Influxdb: Refactor logging to use a structured logger and log levels

Created on 19 Jul 2016 · 8Comments · Source: influxdata/influxdb

Feature Request

Refactor our logging to use a structured logger and log levels. Structured logging allows us to use a consistent method of logging messages and a way of filtering messages for support. It also allows us to format messages for either the traditional log file that we normally use and like along with JSON messages for consumption by automated log tools like Splunk.

Proposal: Refactor logging to a structured logger and log levels

Current behavior: We use the Go standard log package

Desired behavior: Using the structured logger

Use case: It makes log files easier to follow and filter out messages that may only be a concern to those doing development.

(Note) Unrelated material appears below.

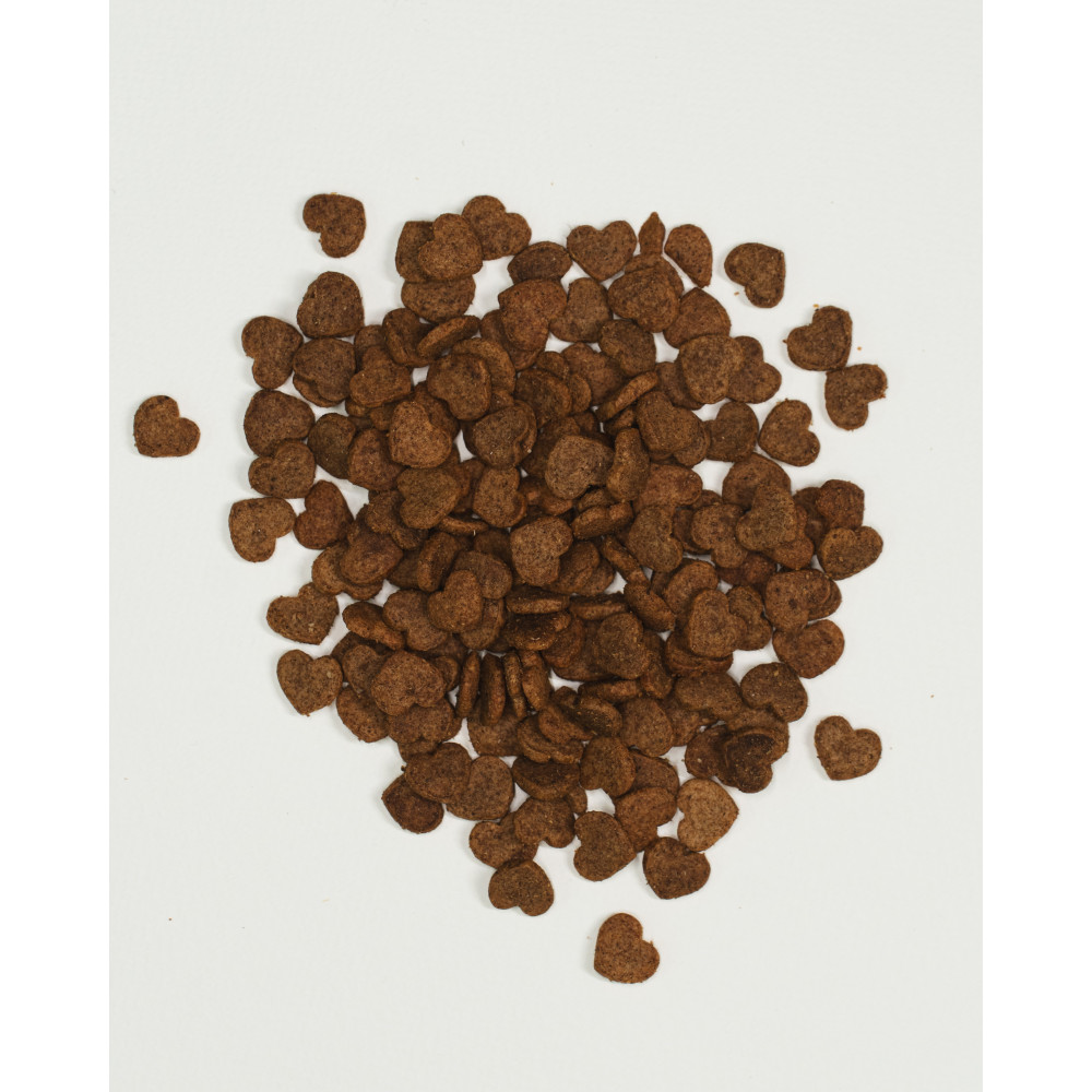Склад: протеїн лосося 30%, жовтий горох 26%, картопля 15%, протеїн форелі 12%, жир домашньої птиці 7%, гідролізований протеїн лосося 5%, горохове борошно 2.7%, ріпакова олія 1%, сушена малина 1%, сушена котяча м'ята 0.3%.

kinfeature-request support

Source

jsternberg

👍1

Most helpful comment

@corylanou my favorite example from a system with a Graphite endpoint that was getting spammed by bad connections. The error [graphite] 2016/05/02 03:44:09 unable to parse line: : received " " which doesn't have required fields makes up over 99% of the log.

$ wc -l influxd.log
 33376296 influxd.log
$ grep "unable to parse" influxd.log | wc -l
 33232791

So in a 33 million line log file (3.3GB uncompressed), only 143,505 lines are anything other than the Graphite error. About 385 lines per second.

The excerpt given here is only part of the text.